I think that the solution is to provide a bit in each of the PTE and TLB that marks them sensory and provides “sensory access”. This idea comes from viewing the PTE page, as analogous to the Keykos node or EROS capage. The sensory PTE provides access to its page as the Keykos sense key provides access to its node. While Keykos data pages hold no capabilities, pages holding PTEs hold something very much like capabilities. These capabilities indeed do not reside in an address space out side the kernel. They are written (and read) by the kernel and read by the hardware. The TLB entry must have a “sense bit” marking that entry as sensory. TLB entries formed consulting sensory TLB entries must be sensory. Stores enabled by sensory entries must not be allowed.

I would design the hardware to switch context values upon interrupts to the kernel’s context and dispense with any mechanism such as the IA-64 Protection Key Registers.

The IA64’s 8 regions per space and the PowerPC’s 16 segments are each determined by bits at the left end of the effective address. These are translated into global ids by a small table and become part of the virtual address that is matched against entries in the TLB. This allows sharing of TLB entries that locate page frames of shared data. While the scheme that I describe here shares page tables and the work to build them, it does not provide TLB sharing unless combined with hardware such as the IA64 regions or PowerPC segments.

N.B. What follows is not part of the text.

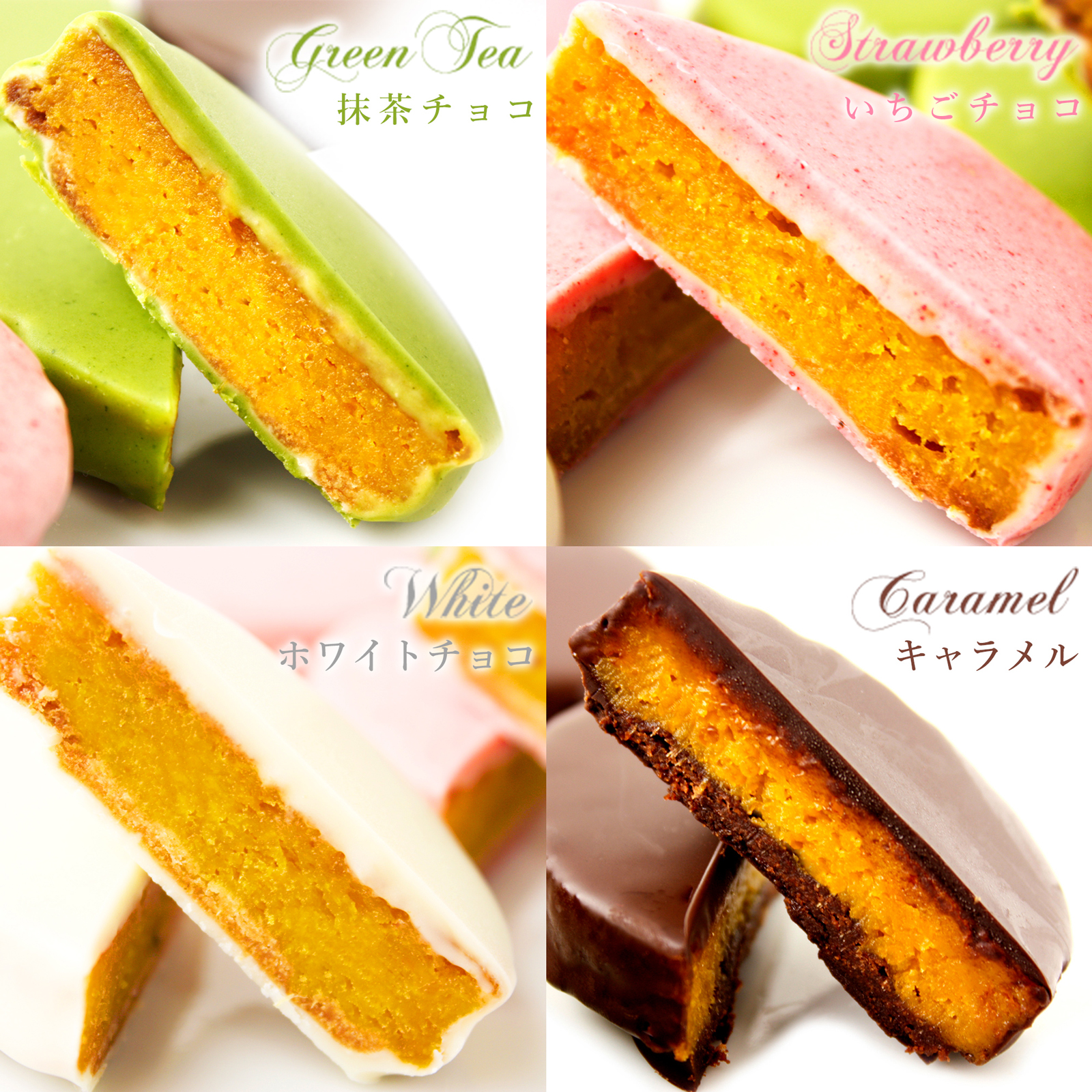 | 原材料 | 安納芋(国産)、チョコレーコーチング、バター、砂糖、さつまいも、卵、小麦粉、洋酒、粉飴、生クリーム、抹茶、苺パウダー/香料、乳化剤(焼き上げている為、アルコールは飛ばしております) |

If locating the page table at virtual address 0 is awkward then the formula “k2 = (k1>>12)<<3” can be relaxed by “k2 = (k1>>12)<<3 + C” for some constant C. There will be an X such that X = (X>>12)<<3 and the hardware must be able to translate X without reference to the formula. X will be an address within the table.
This scheme does not obviously support different size pages such as provided by SPARC maps. In the 32 bit SPARC maps each entry in a mapping table may declare that it represents a page and not yet another level of mapping table.